### DATASET EXTRACT

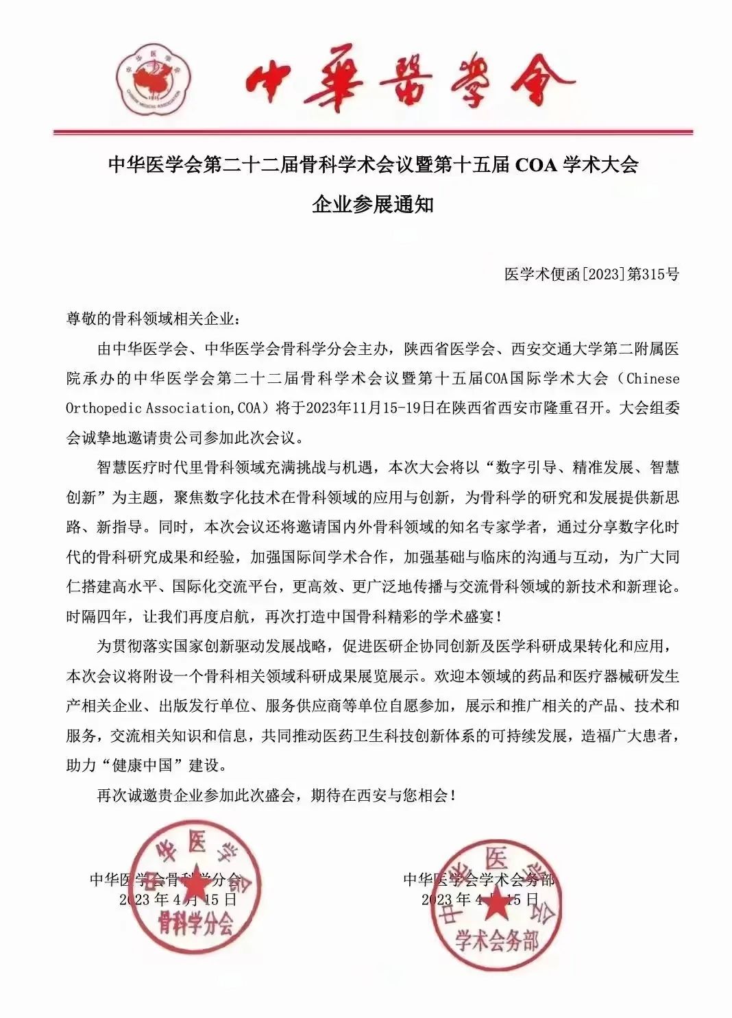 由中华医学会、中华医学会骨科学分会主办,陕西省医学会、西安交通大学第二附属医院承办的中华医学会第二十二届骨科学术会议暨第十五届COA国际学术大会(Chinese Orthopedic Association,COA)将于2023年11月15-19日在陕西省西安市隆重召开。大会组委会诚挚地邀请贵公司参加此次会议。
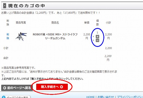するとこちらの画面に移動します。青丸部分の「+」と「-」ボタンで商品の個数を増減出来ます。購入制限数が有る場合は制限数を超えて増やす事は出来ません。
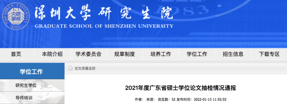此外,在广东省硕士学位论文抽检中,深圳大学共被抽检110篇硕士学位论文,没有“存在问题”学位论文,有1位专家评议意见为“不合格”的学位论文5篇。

######
### DATASET EXTRACT

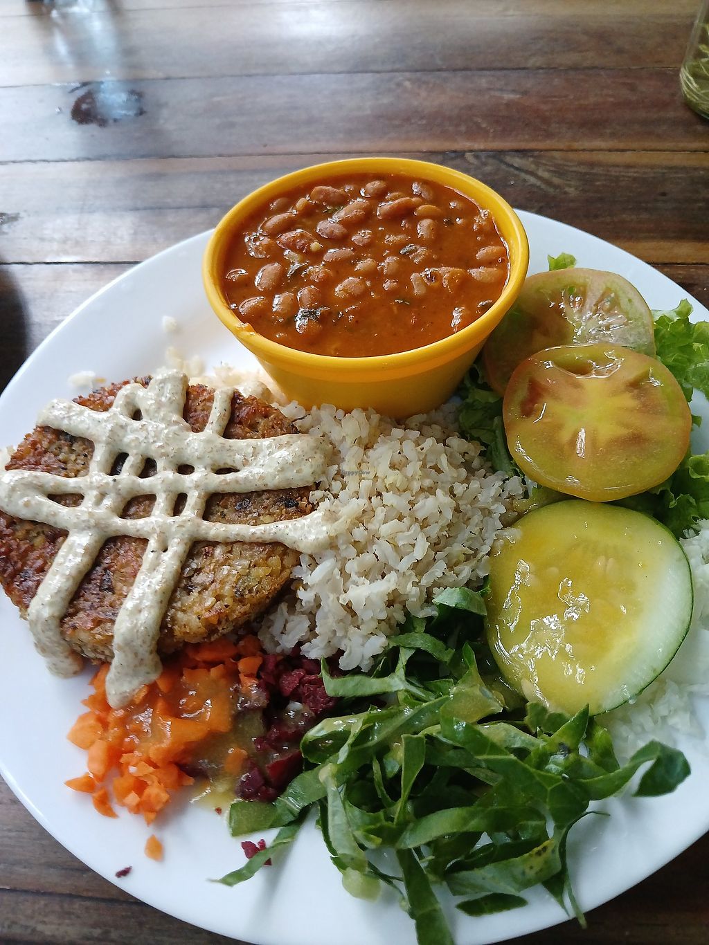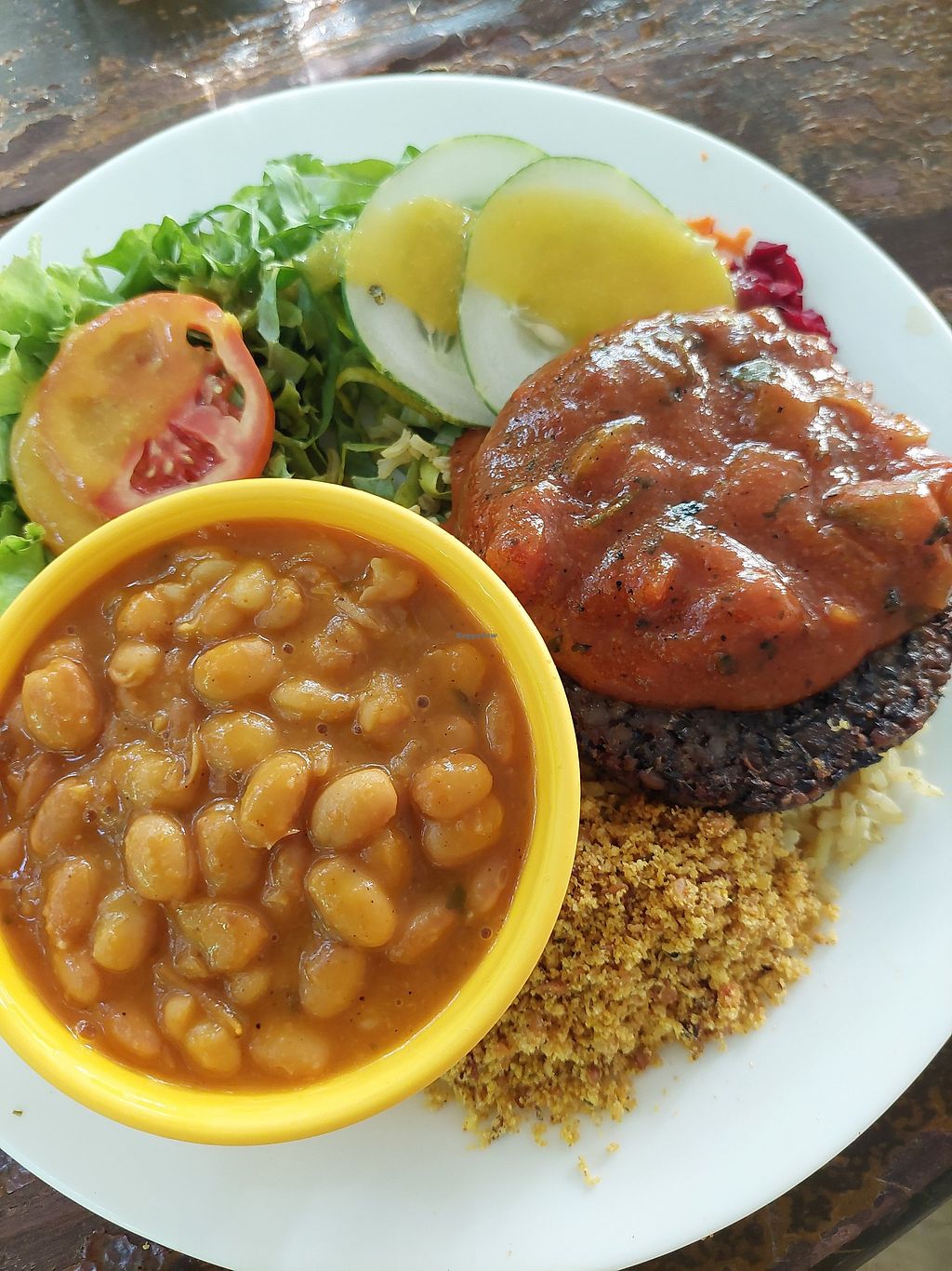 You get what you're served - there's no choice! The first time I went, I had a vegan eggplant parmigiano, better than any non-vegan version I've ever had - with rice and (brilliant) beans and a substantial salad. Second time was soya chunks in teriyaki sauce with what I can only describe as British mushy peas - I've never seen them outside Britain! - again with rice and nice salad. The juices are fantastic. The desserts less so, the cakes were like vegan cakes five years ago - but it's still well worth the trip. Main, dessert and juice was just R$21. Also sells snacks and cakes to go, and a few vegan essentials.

######

● AIM OF THE EXERCISE: In the entries above, every line from the line with "するとこちらの画面に移動しま" to the line with "此外,在广东省硕士学位论文抽" is to be printed exactly, with both ends included and pictures excluded.

● SOLUTION FOR THIS EXERCISE:
するとこちらの画面に移動します。青丸部分の「+」と「-」ボタンで商品の個数を増減出来ます。購入制限数が有る場合は制限数を超えて増やす事は出来ません。
此外,在广东省硕士学位论文抽检中,深圳大学共被抽检110篇硕士学位论文,没有“存在问题”学位论文,有1位专家评议意见为“不合格”的学位论文5篇。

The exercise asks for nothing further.